In the Spotlight: Researcher Jasdeep Singh from Cornell University

Dairy Soil & Water Regeneration is tapping into the talents of the best and brightest researchers in the country. They’re doing work through eight institutions located in major dairy-producing regions, from Vermont to California.

DSWR Dispatch is highlighting these all-important project partners.

Today, meet Jasdeep Singh, postdoctoral research associate in Cornell University’s Nutrient Management Spear Program.

Tell us a little bit about you.

I grew up on a family farm in the Punjab state of India. I completed my Bachelor of Science degree in agriculture with a major in soil science, agronomy and agroforestry from Punjab Agricultural University in 2016. I completed my Ph.D. with a Graduate Certificate in data science from South Dakota State University in 2020.

After my Ph.D. work, I joined Agrohydrology Lab at the Texas A&M AgriLife Research and Extension Center, where I spent about two years before joining the University of Illinois Urbana-Champaign in July 2022 as a research scientist. I joined the Nutrient Management Spear Program as a postdoc at Cornell University in June 2023.

My research interests can be broadly categorized as:

Soil health assessment and management
Soil-plant-environment interactions and greenhouse gas emissions
Process-oriented modeling of carbon and nitrogen

What is your role in Dairy Soil & Water Regeneration?

I am a postdoc with the team. I am involved in supervising day-to-day project activities, including field and lab measurements, mentoring support staff, preparing project reports, liaison between Cornell and other collaborating project partners, and participating in outreach project activities through extension meetings and field days and sharing outcomes at professional conferences.

What is the focus of your team’s DSWR research?

On two commercial dairy farms, our team is conducting field investigations of soil health management systems, such as reduced tillage systems (e.g., strip-till and no-till) and rotations that include cover crops, in association with novel manure products. These systems can offer alternatives to commonly used field practices such as full-width tillage, winter fallow and liquid manure application. We are also evaluating the value of novel manure products. In other words, the quantity of nitrogen that can be provided by these manure sources in a given year and their effect on improving soil health and reducing environmental footprints without sacrificing forage quantity and quality.

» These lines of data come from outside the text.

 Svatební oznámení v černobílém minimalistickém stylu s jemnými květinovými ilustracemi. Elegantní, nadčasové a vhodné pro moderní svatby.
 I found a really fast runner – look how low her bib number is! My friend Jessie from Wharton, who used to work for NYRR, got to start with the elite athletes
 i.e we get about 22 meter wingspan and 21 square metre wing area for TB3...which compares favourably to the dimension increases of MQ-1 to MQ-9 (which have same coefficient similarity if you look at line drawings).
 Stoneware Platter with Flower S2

What have you learned so far?

At one farm, in the first two years the soil health management system has shown lower yields than were obtained with commonly used field practices, but there was less of a yield reduction in higher-yielding zones. Commonly used field practices did show higher nitrous oxide emissions than the soil health management system across yield zones.

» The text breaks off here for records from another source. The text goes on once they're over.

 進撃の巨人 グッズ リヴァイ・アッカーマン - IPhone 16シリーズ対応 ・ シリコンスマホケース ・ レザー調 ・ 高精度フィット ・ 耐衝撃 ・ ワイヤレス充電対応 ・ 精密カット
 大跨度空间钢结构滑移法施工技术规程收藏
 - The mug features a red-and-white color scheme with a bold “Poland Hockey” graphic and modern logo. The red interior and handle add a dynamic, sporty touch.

The farmer noticed that it has become easier to implement field operations over time in the soil health management system. Our data now reflect higher bulk density values with soil health management systems. The challenge, however, is the application of compost in this system where we don’t have drag hose equipment available. Currently, the farm crew uses drag lines to apply the manure to reduce the risk of compaction of the soil. Compost application with box spreaders may contribute to compaction over time and this is an issue that will need to be addressed.

At the other farm, corn silage yields and greenhouse gas emissions were influenced by differences in weather. In 2022, a wet year, we found higher nitrous oxide and corn silage yield with liquid manure compared to solid manure products. In 2023, corn silage yields were similar across systems, but yields were lower overall, reflecting a drought that year.

Our preliminary findings are that soil health properties are not responsive to the effects of treatment yet. We did notice that surface broadcasting of liquid manure in the fall contributed significantly to greenhouse gas emissions while injection of liquid manure in the spring had limited effects on emissions. Further evaluation is needed to see if the difference in emissions in primarily due to the difference in timing of application (fall versus spring) or more influenced by the method of application (surface application versus injection).

In our nitrogen replacement study at this same farm which we implemented in 2023, there was no response to side-dress nitrogen for any of the manure-based products. Application of flocculated and evaporated solids seemed to slightly reduce yields. None of the treatments impacted crude protein content of the silage. A second year of research to test carry-over nitrogen and decrease past nitrogen credits is being conducted in this year.

What excites you about your work on this project?

The most exciting part of working on this project is that the research is conducted on-farm — in farmers’ fields, with their equipment and according to their timing and logistics. I enjoy meeting them every week, seeing them work hard to run their operations, getting to know them and learning from them.

It’s also exciting because of how well the project is integrated and how well the research methodologies are executed uniquely between different institutes, NGOs, the dairy industry, federal agencies and academic institutions. In addition, the technology use is advanced, and hence ensures our methodologies and measurement values are rigorous.

Furthermore, I appreciate the efforts of communication team, helping to improve us professionally and synchronizing messaging throughout project. Given that this is such a big project, learning opportunities are tremendous, from everyday planning to communication to research to outreach, working collaborative among different teams, mentoring, and writing publications. I am fortunate to be part of this project.